Last month I mentioned that during late May into June Norfolk would be hosting a three week long literary festival called New Writing Worlds 08 Human: Nature – a celebration of writing and nature organised by the Norwich based New Writing Partnership. One of the events, which I attended, was a creative writing workshop ’The Story Teller’s Eye’ held last week at the RSPB nature reserve at Titchwell. The workshop was to look at ‘how we can use landscape and the natural world in storytelling, to set the scene, enhance the mood, or even as a character in its own right’. It was run by the writer Susan Fletcher who is the author of this month’s Book Club choice Oystercatchers.
Susan was born in Birmingham in 1979 and studied Creative Writing at the University of East Anglia. Her first novel Eve Green (2004) set in Wales won the 2004 Whitbread First Novel Award and sold a quarter of a million copies after being picked as Richard & Judy summer read.
In Oystercatchers, first published in 2007, the central character is Moira Stone who recounts her life story to her comatose sister Amy. Rachel Hore has described it as ’an unusual story of love and betrayal…Her evocation of place is magnificent’. Much of that place is located in North Norfolk. To quote from Rachel Hore again ‘Fletcher works that rich vein of poetic prose in which characters’ emotions are closely bound up with objects and landscape’.
Oyster Catchers is a roller coaster of a book. The very short sentences made me feel like the author was trying to catch her breath throughout the whole story. Maybe it was an attempt to show how thoughts often swirl around in the mind but I would have enjoyed the book more if the sentences had slowed down a little in places. I found it quite exhausting. A more measured approach might have reflected the hours and hours that Moira must have spent by Amy’s bedside.
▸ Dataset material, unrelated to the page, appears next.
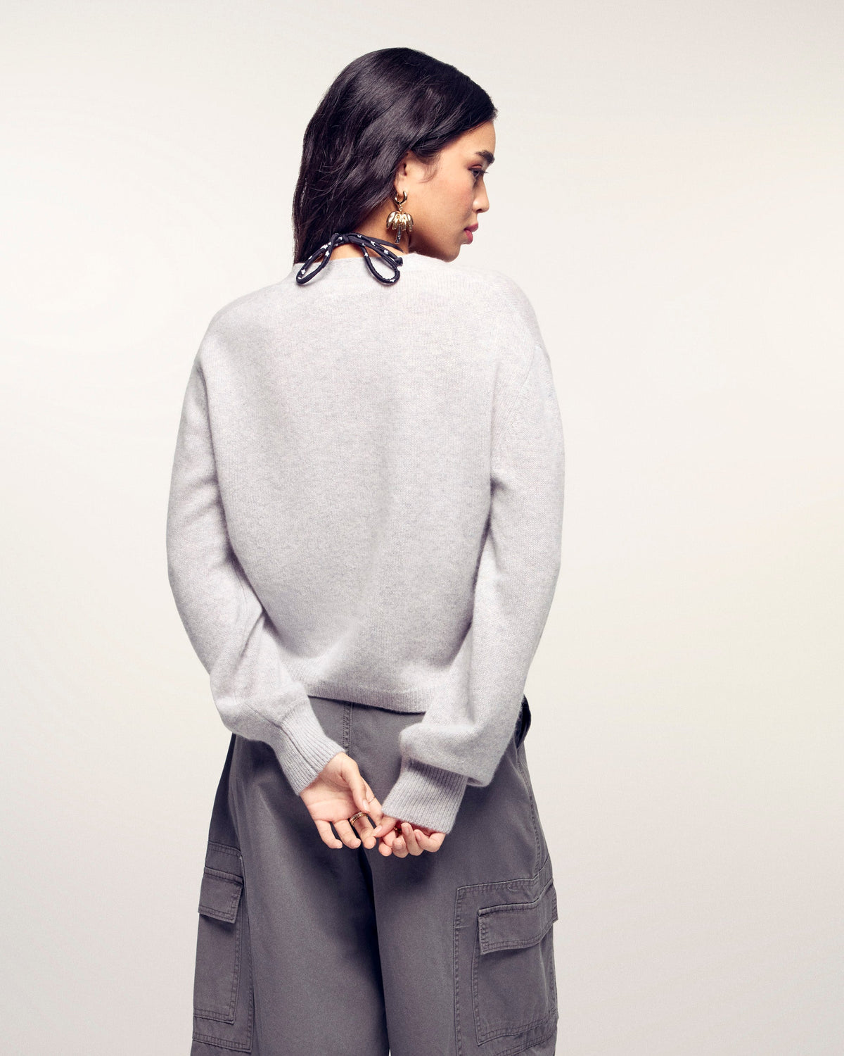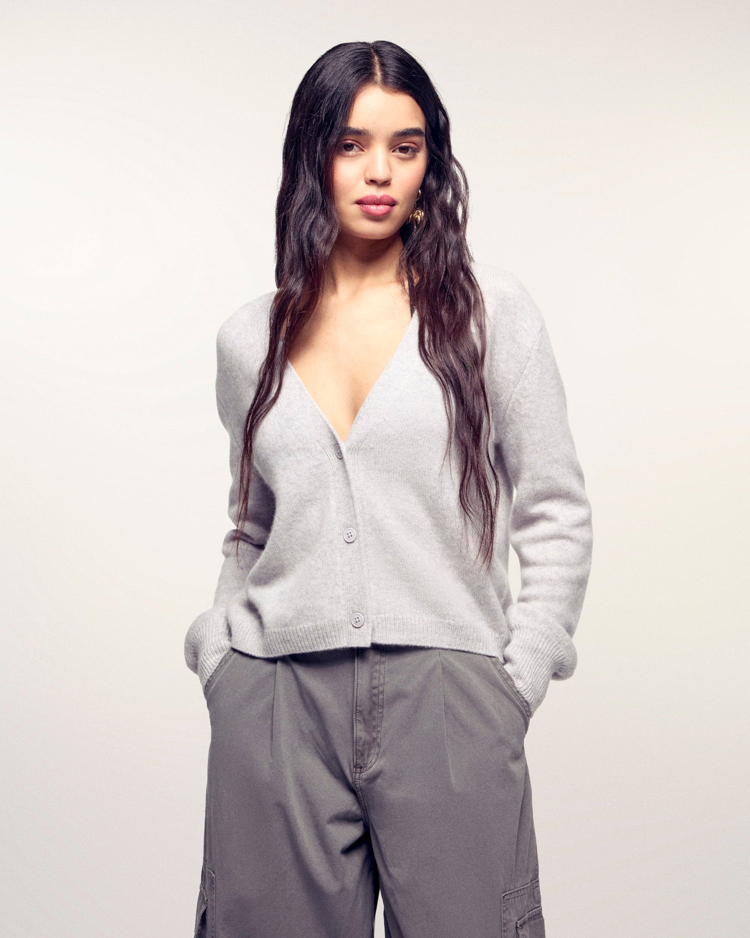 A wardrobe essential, this short cashmere cardigan sweater combines softness and modernity. Its 4-ply knit provides ideal warmth while remaining light. Featuring an elegant V-neck and an oversize fit, it brings a relaxed and refined look to all your outfits.

Otherwise I enjoyed the book for it’s use of places I know – Titchwell, Blakeney, Cley, etc but I wonder if the majority of readers who do not know North Norfolk would have made of these very personal references. Would they make sense? Does it matter if they don’t? I think it does. The book should have a warning written on it that a visit to North Norfolk is essential to enjoy the book to its fullest.
Take a deep breath before you start this book!
Sarah
I wasn't that interested in the landscape aspect of this book. It was a nice background but the pschological aspects seemed to overide any descriptions of the coast etc. This is a book about people not places, its about truth, guilt, love, trust etc. The landscape is a just a canvass on which lives are lived. It is what is painted on the canvas by human actions which is important not the canvas itself.